**** SOURCE MATERIAL

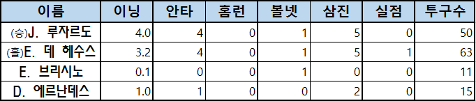 | (승)J. 루자르도 | 4.0 | 4 | 0 | 1 | 5 | 0 | 50 |
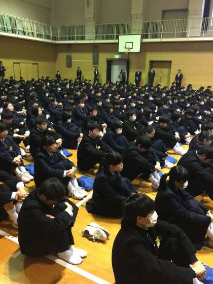 2018年、平成30年が始まりました。そして今日、1月9日3学期がスタートしました。まだ寒さの残る中、体育館にて始業式が行われています。年も変わり、生徒たちは一段と凛々しくなったように見えます。
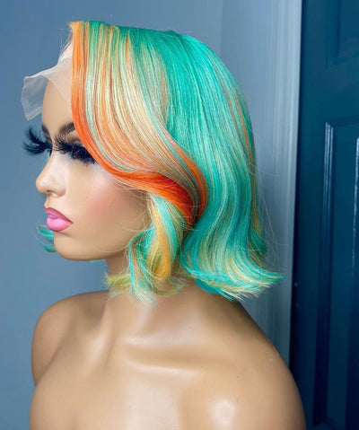 Green Orange Highlight Wavy Human Hair Lace Front Wig
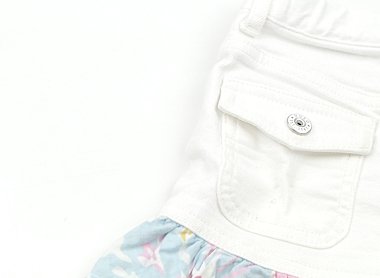 - 花柄部分に色褪せ感があり、白いジーンズ生地に複数薄茶色の汚れがあります。後ろポケット左に茶色の汚れ薄いインク汚れがあります。まだまだ普段着として活躍してくれそうです。
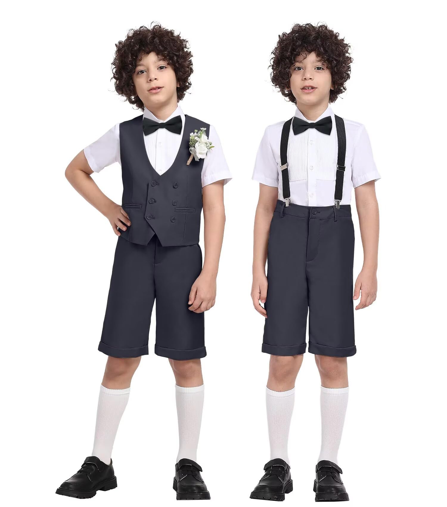 - The Toddler Suit 3 Piece Wedding Suit Package:Jacket + Shorts + Vest.
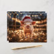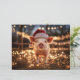 Papel de cuadernillo con un adorable cerdo vestido con un sombrero de Santa y rodeado de Navidades con luces intermitentes.
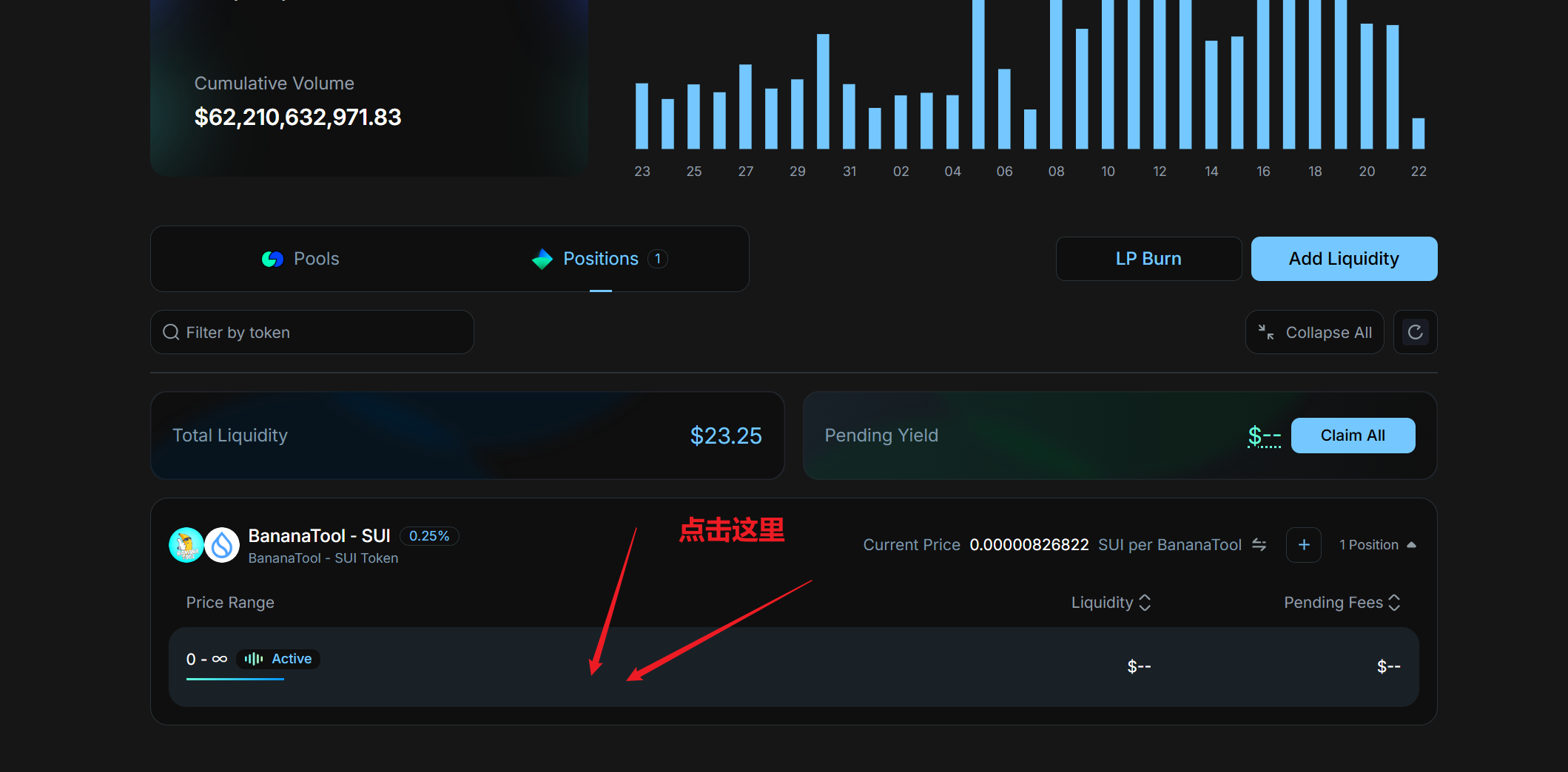 首先我们要做的是找到自己的流动性,在Cetus的流动性管理页面,点击我的仓位,找到自己的流动性:https://app.cetus.zone/pools?tab=positions
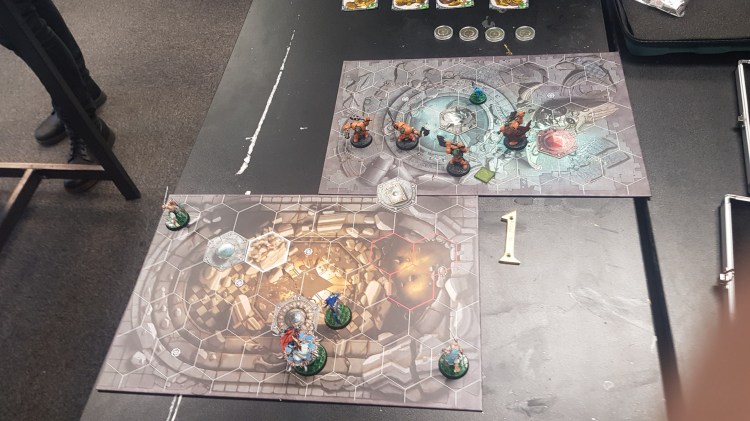 Ironskull’s Boyz headed by Darrel was my first opponent. Losing boards he placed the Mirror Well so I placed the new Forbidden Chambers board. I’ll call it the Amber Catacomb (with the other being the Shattered Refractor). I set the boards in diagonal configuration.

********

Retype the data in full. Images do not go in the copy.

• [ANSWER SPACE]:
 | (승)J. 루자르도 | 4.0 | 4 | 0 | 1 | 5 | 0 | 50 |
 2018年、平成30年が始まりました。そして今日、1月9日3学期がスタートしました。まだ寒さの残る中、体育館にて始業式が行われています。年も変わり、生徒たちは一段と凛々しくなったように見えます。
 Green Orange Highlight Wavy Human Hair Lace Front Wig
 - 花柄部分に色褪せ感があり、白いジーンズ生地に複数薄茶色の汚れがあります。後ろポケット左に茶色の汚れ薄いインク汚れがあります。まだまだ普段着として活躍してくれそうです。
 - The Toddler Suit 3 Piece Wedding Suit Package:Jacket + Shorts + Vest.
 Papel de cuadernillo con un adorable cerdo vestido con un sombrero de Santa y rodeado de Navidades con luces intermitentes.
 首先我们要做的是找到自己的流动性,在Cetus的流动性管理页面,点击我的仓位,找到自己的流动性:https://app.cetus.zone/pools?tab=positions
 Ironskull’s Boyz headed by Darrel was my first opponent. Losing boards he placed the Mirror Well so I placed the new Forbidden Chambers board. I’ll call it the Amber Catacomb (with the other being the Shattered Refractor). I set the boards in diagonal configuration.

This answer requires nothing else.